Understanding Life Insurance
Be prepared for life’s emergencies
Imagine what your family’s life would be like if you or your partner died or became seriously ill and couldn’t
work. Would you be able to survive financially? Being unable to work as a result of an accident or ill-heath could expose you or your family to financial difficulty. Insurance can provide the money you or your family need in these critical times.
It is a good idea to review your life insurance regularly, especially if something has changed in your life, for example, if you’ve taken out a home loan, are having kids or starting a business.
Types of life insurance
There are different types of cover that fall under the broad heading of life insurance. Depending on your circumstances you may need one or more of the following:
- Life cover – also known as ‘term life insurance’ or ‘death cover’, pays a set amount of money when you die. The money will go to the people you nominate as beneficiaries on your policy.
- Total and permanent disability (TPD) cover – pays a lump sum to assist with rehabilitation and living costs if you are totally and permanently disabled. TPD is often bundled with life cover.
- Trauma cover – provides cover if you are diagnosed with a specified illness or injury. These policies include the major illnesses or injuries that will make a significant impact on your life, such as cancer or a stroke. It is sometimes called ‘critical illness cover’ or ‘recovery insurance’.
- Income protection – replaces the income lost through your inability to work due to injury or sickness.
How much life insurance do I need? There is no correct answer, but more insurance gives you more protection. However, it also depends on what you can afford, so you may need to prioritise.
To help work out the best level of insurance cover for you, consider:
- How much cash your family would have if you were to die or become disabled. How much money is in superannuation, shares, savings and existing insurance policies? How much paid leave do you have? What type of support could your family provide?
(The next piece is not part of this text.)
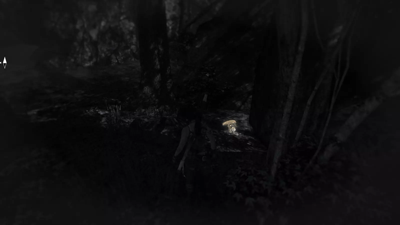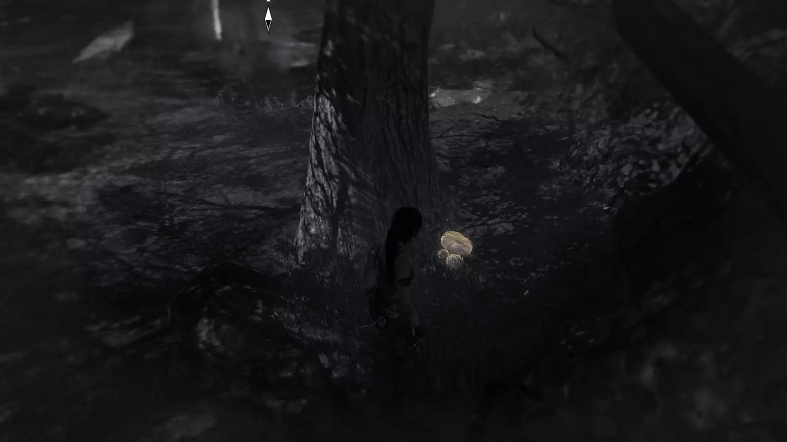 第二朵蘑菇也在直升机附近,但更靠东一些,在一棵粗树干后面。

You may also be entitled to government benefits or workers
compensation if you get injured (although this may be reduced by income protection claims).
- How much cash your family would need if the worst were to happen. Consider the size of your mortgage and any other debts, as well as childcare, education and other costs.
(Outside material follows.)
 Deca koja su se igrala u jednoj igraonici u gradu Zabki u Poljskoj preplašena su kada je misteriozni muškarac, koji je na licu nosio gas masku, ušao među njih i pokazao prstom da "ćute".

The difference between these is the amount of cover you should get. However, you may need to compromise between what you would like and what you can afford.
What’s the difference between stepped and level premiums?
Insurance premiums usually increase with age because the older you get, the more likely you are to make a claim. For insurance such as life, total and permanent disability, or trauma cover, you may be able to choose between stepped or level premiums.
Here is the difference between stepped and level premiums:
- Stepped premiums – Your insurance premium will increase each year as you get older but is usually cheaper in the beginning. If you’re thinking about this option, it is worth looking at what the premiums will be over the next 5 years, or however long you intend to hold the insurance for, to make sure you can afford the premiums.
- Level premiums – Your insurance premium does not change due to your age but is generally more expensive than a stepped premium in the beginning. Level premiums may increase over time due to inflation adjustments or changes to the insurer’s fees.
If you want to control your costs over time then level premiums may suit you. Premiums are usually higher in the beginning but much cheaper than stepped premiums when you are older. If you intend to hold the insurance for a long time, level premiums are likely to be cheaper in the long run.
Can I afford life insurance? One of the options available is life instance through your Superannuation fund. When you have life insurance through your superannuation account, the premiums for that insurance are deducted from your super accounts balance rather than out of your own bank account. It still costs you either way, but if you are at a stage of life that involves a home loan and family to raise then having the premiums deducted from your super account may make it easier on your cash flow.
I have life insurance in my Superannuation fund already, why do I need to speak to an adviser?
Most people have some form of life insurance included in their Superannuation account. What many don’t realise is that in the event of claim – especially income protection or TPD – the claim may be rejected as there has been no underwriting (guaranteed acceptance) for the amount insured potentially leaving your estate without compensation. A Financial Adviser will arrange to have your policy underwritten which will ensure in the event of claim, your insurance will be paid out.
Any advice provided in this publication should be considered General Advice as it does not take into account your personal needs and objectives or your financial circumstances. You should therefore consider these matters yourself before deciding whether the advice is appropriate for you and whether you should act upon it.